New Zealand singer and songwriter Lorde attends The Metropolitan Museum of Art's Costume Institute benefit gala celebrating the opening of the "In America: A Lexicon of Fashion" exhibition on Sept. 13, 2021, in New York City.

It’s ‘huge for our language’: Lorde’s new Māori-language EP strikes a chord with NZ’s Indigenous community

The release of “Te Ao Mārama,” which comes during Māori Language Week, has received a wide range of reactions from New Zealand’s Indigenous community.

New Zealand pop star Lorde’s new record “Solar Power” dropped a few weeks ago.

Now, the singer has released an album entitled “Te Ao Mārama,” or “World of Light” with five tracks from “Solar Power” adapted to Māori, the language of the Indigenous Māori people of New Zealand.

Lorde, who has described the project as “powerful” and a “starting point” of a journey, is not Māori — nor does she speak the language, but she had a wide range of consultants, including some Māori elders, for the songs’ cultural and language adaptation.

Hēmi Kelly, a full-time lecturer in Māori at the Auckland University of Technology who advised Lorde on the album, said that before getting involved, he sat down with the artist to get to know her and her intentions.

“One of the big pushes of this whole movement is that the language be normalized so that it sits alongside English here in New Zealand and in our society, and it’s given the same recognition. And the intentions of Lorde aligned with those efforts.” 

Hēmi Kelly, lecturer in Māori at the Auckland University of Technology

“One of the big pushes of this whole movement is that the language be normalized so that it sits alongside English here in New Zealand and in our society, and it’s given the same recognition. And the intentions of Lorde aligned with those efforts,” Kelly said. 

The release, which comes during Māori Language Week, has received a wide range of reactions from the Indigenous community and others across the country.

These types of collaborations are important to Eruera Keepa, a Māori communications specialist in Rotorua, a town in New Zealand’s North Island. Keepa says the album leaves him feeling proud. His favorite song is “Te Ara Tika,” or “The Path” 

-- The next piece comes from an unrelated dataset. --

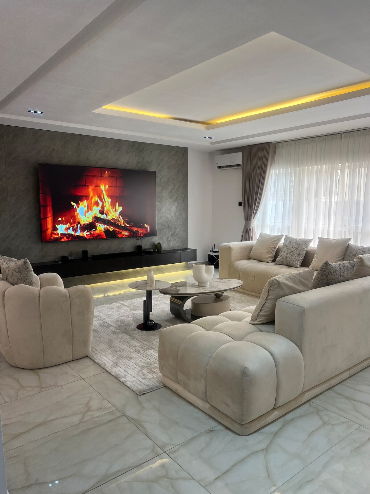 Nyd et smukt indrettet opholdssted med 3 soveværelser i en rolig del af Victoria Island. Med strøm døgnet rundt, topsikkerhed, blødt sengetøj og et kæmpe 100-tommers tv er det nemt at føle sig godt tilpas. Det rummelige fælles køkken er perfekt til madlavning med familie eller venner, og det lyse, luftige interiør sikrer et fredeligt ophold, du aldrig vil fortryde at booke.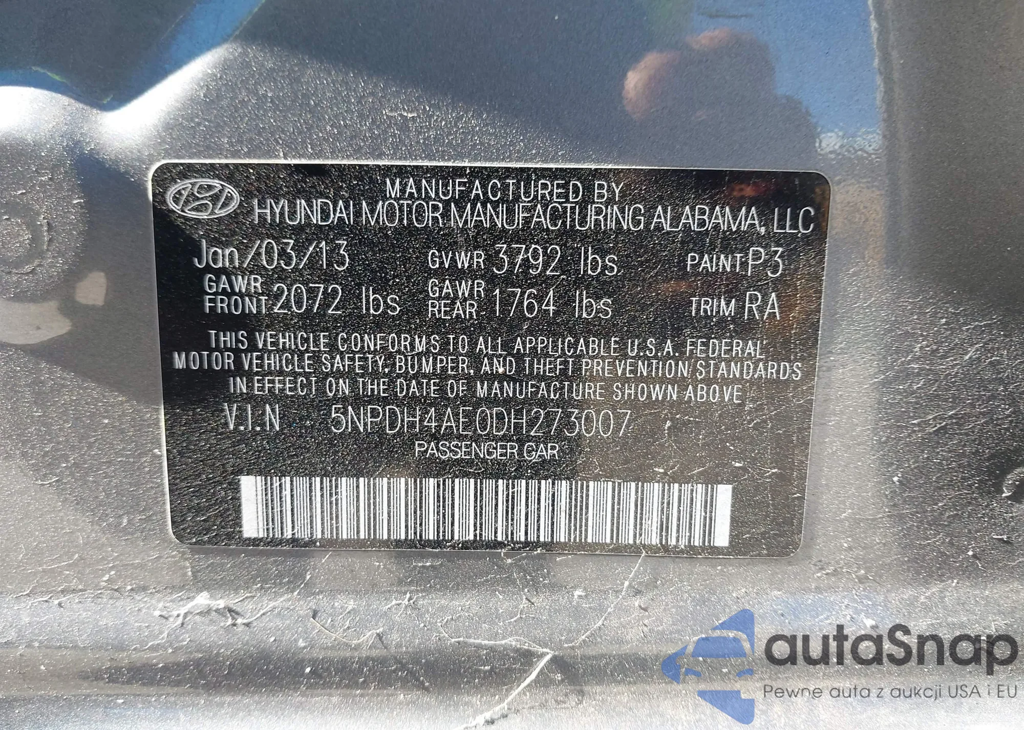 • VIN 5NMJB3AE1PH213401

“…[T]o hear our native tongue broadcast to a wider audience outside of NZ is huge for our language.”

Eruera Keepa, communication’s spacialist

“Although it might not seem like a big thing, it actually is a big thing. Because sometimes that’s where a lot of issues happen is through the lack of consultation. So, to hear our native tongue broadcast to a wider audience outside of New Zealand is huge for our language.”

Lorde’s tracks in Māori are available on the singer’s YouTube channel with both Māori and English subtitles. Though many listeners won’t understand the Māori lyrics, Keepa hopes the songs introduce many to the language. 

But for other Māori people, Lorde singing in their language has brought up a painful history of alienation during New Zealand’s colonization.

“Removal of the Māori language was used by colonizers to marginalize, isolate, oppress, disenfranchise Māori from being Māori.” 

Kiri Dell,researcher 

“Removal of the Māori language was used by colonizers to marginalize, isolate, oppress, disenfranchise Māori from being Māori,” said Kiri Dell, a researcher of economic development of Māori and other Indigenous communities in New Zealand.

“So, whenever the Māori language is a topic, it is a sore one because of the pain that has been associated with its strategic removal by the colonizers, of our Indigenous communities.”

In this Feb. 6, 2015 photo, dancers twirl white
In this Feb. 6, 2015 photo, dancers twirl white “poi” balls as part of an indigenous Maori performance, in Waitangi, New Zealand, to mark the 175th anniversary of the signing of the country’s founding document, the Treaty of Waitangi.Nick Perry/AP

Dell said she is unsure about how much celebrity awareness is needed for a language to survive. When she heard the album, she said she didn’t feel much because she doesn’t look up to people like Lorde to engage in her Māori identity.

Instead, she turns to people like her mom, Hinetu Dell, a former teacher who grew up during a time when the language was even less accepted than it is now.

Today, only 20% of the Māori population and 3% of all Kiwis can speak Māori, according to a recent statement from the Māori Party.

Māia Week, in Waiheke Island, in the Hauraki Gulf of New Zealand, said the Māori language continues to face an uphill and often racist battle.

As an Indigenous person, she said she sometimes feels defensive when non-Māori celebrities insert themselves into the conversation. Week stressed that she hopes that Lorde will continue to stand with Māori communities as they fight systemic racism across the board.

“Don’t let this be a one-time thing. Let this start a journey. Stand with us. Uplift us. Listen to us. Because, as an Indigenous person, it’s painful going through this continued colonization,” Week said.

As this conversation has unfolded online, many people have been highlighting their own favorite Māori musicians. While some Māori songwriters and singers enjoy large followings in New Zealand, hearing Indigenous languages on commercial radio in New Zealand is rare.